Ama Bono bu sefer gülmedi.

25 Ağustos 2011

Düşünüyoruz o halde yokuz!

Düşün düşün boktur işin diye boşuna dememişler. Yabancı ülkelerde durum nedir bilmiyorum; ama net olarak bildiğim bir şey var ki o da bu söz benim ülkem için son derece doğru. Aslında düşünmüyoruz biz.
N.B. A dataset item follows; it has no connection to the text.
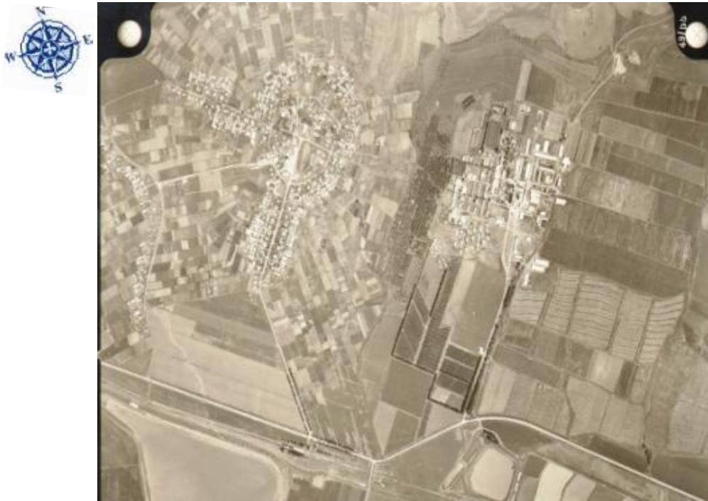
Fig. 8. Decentralization of the family farms vs. centralization of the kibbutz remained relatively unchanged (1961)

The two communities continued to develop in parallel. Fig. 9 shows the two communities in 1973 with very few changes. In Kibbutz Geva you can see concentrated in a single area the new dairy farm that was built in the mid-1960s with a modern milking parlor. This farm, which includes all of the various branches of the dairy is east of the old one as seen in an aerial photograph of 1961 (Fig. 8). In 1964, the 'Bakara' factory was built on the grounds of the old dairy and the new dairy was moved eastward and was concentrated together with all of the other livestock and the poultry divisions that were downsized or closed. The kibbutz fruit orchards included citrus and pecan trees, changes that reflected the transition from a mixed to a specialized farm economy. In addition, they also show the vigorous development of Kibbutz Geva's economy during the 1960s, and the development of industry on an agricultural kibbutz. The residential area had not changed since 1956 showing that the kibbutz population remained stable over this time period.

Zira bizde düşünmek sorun çözmek adına yapılmıyor. 

Bizim düşünmekten anladığımız, ilerisini göremediğimiz durumlar için her zaman olabilecek en kötü senaryoyu yazmak, sonra da senaryoya inanmak ya da günlerden pazar iken pazartesiyi hayal etmek. "Pazartesi Sendromu"nun temel sebebi de bu aslında. 

Saçmayız biz. 




Azrail kimdi aslında?

Bu yazı bugüne kadar Azrail'i bizlere bir melek olarak tanıtıp, daha sonra tasvirini şeytana yakın yapan tüm dostlara itafen yazılmıştır.

Bugüne kadar gerek görsel medya olsun, gerek atalarımızdan dinlediğimiz hikayeler olsun hiçbiri Azrail'i bir melek gibi betimlememiştir.  Karşımıza çıkan biçim, siyah cüppeye sahip, elinde tırpan bulunan ürkütücü bir varlıktan öteye gidememiş, içinde bulundurduğu "melek" kavramını gün geçtikçe yitirmiştir. Anlayacağınız Azrail aslında sözde "melektir". Değerli dostlarım burda karşımıza çıkan yaman bir çelişki değildir de nedir? Sorarım sizlere.

Burda dikkatinizi Klasik Türk sinemasına çekmek istiyorum. Evine haciz gelen bir Türk ailesi düşününüz. Aile yıkık durumda, madden ve manen hüsran durumu vâkıf.  Şimdi gözlerinizi az da icra memuruna  çevirin. Böyle ak saçlı, temiz yüzlü, sakal traşı olmuş bir memur kendisi. Ailenin durumu mevzu bahis olduğunda içi kan ağlıyor; ancak bu noktada silkeleniyor ve görevde olduğunu hatırlıyor. İçi kan ağlasada haciz işlemini gerçekleştiriyor.

İşte bence Azrail de böyle. Temiz yüzlü, ak saçlı, memur kılıklı bir melek. Şöyle elinde defteri falan var. Her can almaya gittiğinde içi kan ağlıyor; ama genede o görevini yapıyor. Bence gelenekselleşmiş Azrail tanımınından çok daha iyi bir izdüşüm bu. Zira hem melek görseline uyumlu - ak saçlı, temiz yüzlü - hem de Azrail ürkütücülüğüne sahip.